» **EXERCISE AIM**: Restate the data below word for word. Leave the images out.
SOURCE DATA: Begin
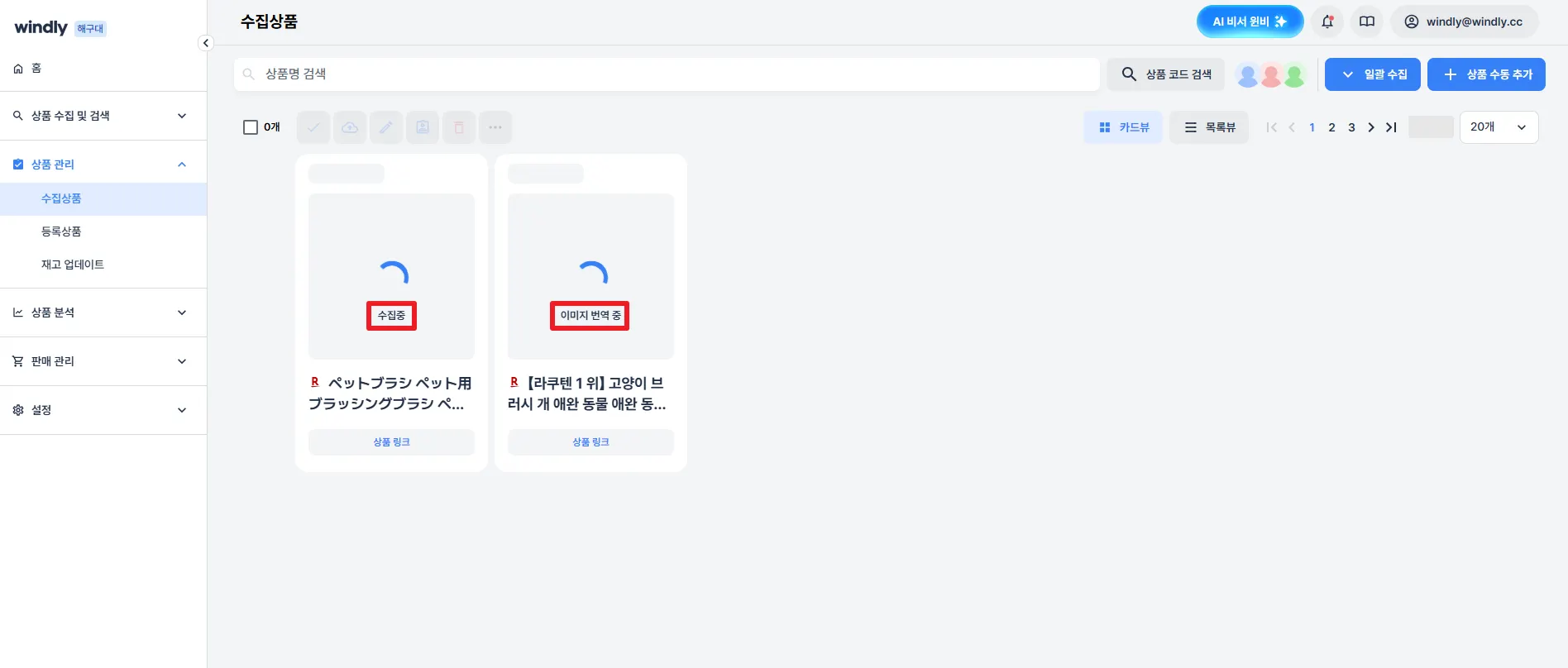 AI 이미지 선번역 기능 사용 시, 상품 수집 시간이 조금 더 걸릴 수 있어요. 상품 데이터를 가져와 수집을 진행한 뒤, 각 이미지별로 번역을 진행하는 데에 시간이 소요되니 잠시 기다려 주세요.
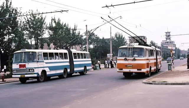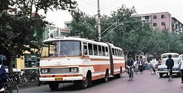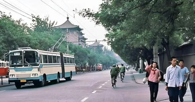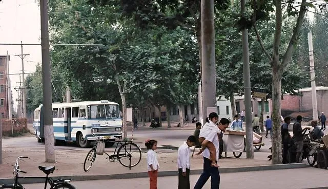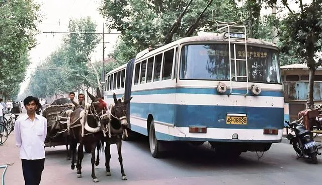 看这张有意思,蓝白公交后面跟着一辆毛驴车,木辕子嘎吱响,驴耳朵一抖一抖的,司机探头看一眼就慢下来,那时候的路,快慢都能走得下,心宽一点,城也宽一点。
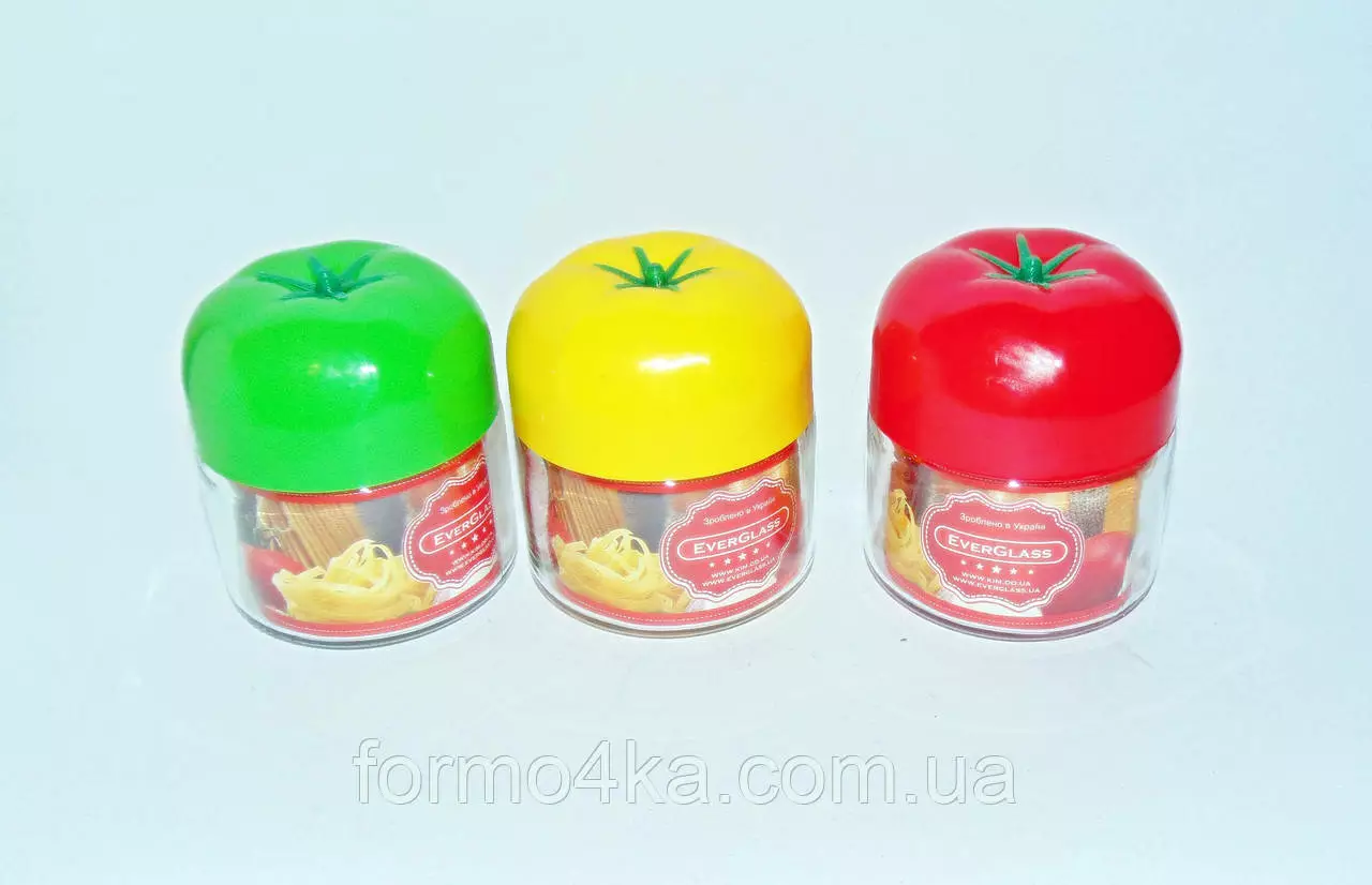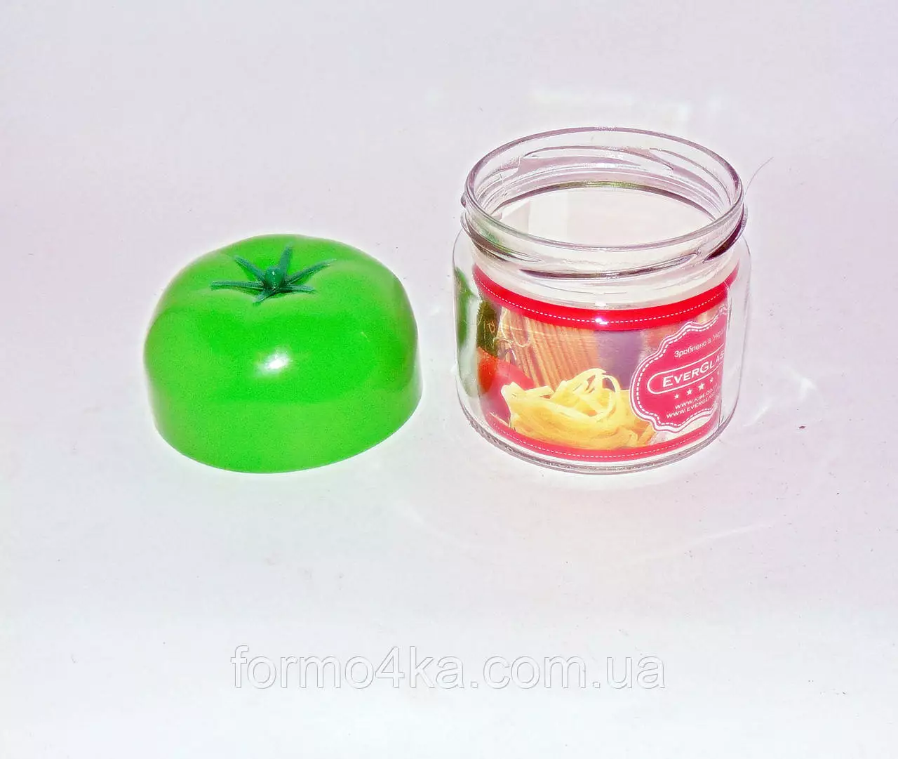 Банка стеклянная с пластиковой крышкой в форме помидора 280 мл
SOURCE DATA: End
» **WRITTEN ANSWER**:
 AI 이미지 선번역 기능 사용 시, 상품 수집 시간이 조금 더 걸릴 수 있어요. 상품 데이터를 가져와 수집을 진행한 뒤, 각 이미지별로 번역을 진행하는 데에 시간이 소요되니 잠시 기다려 주세요.
 看这张有意思,蓝白公交后面跟着一辆毛驴车,木辕子嘎吱响,驴耳朵一抖一抖的,司机探头看一眼就慢下来,那时候的路,快慢都能走得下,心宽一点,城也宽一点。
 Банка стеклянная с пластиковой крышкой в форме помидора 280 мл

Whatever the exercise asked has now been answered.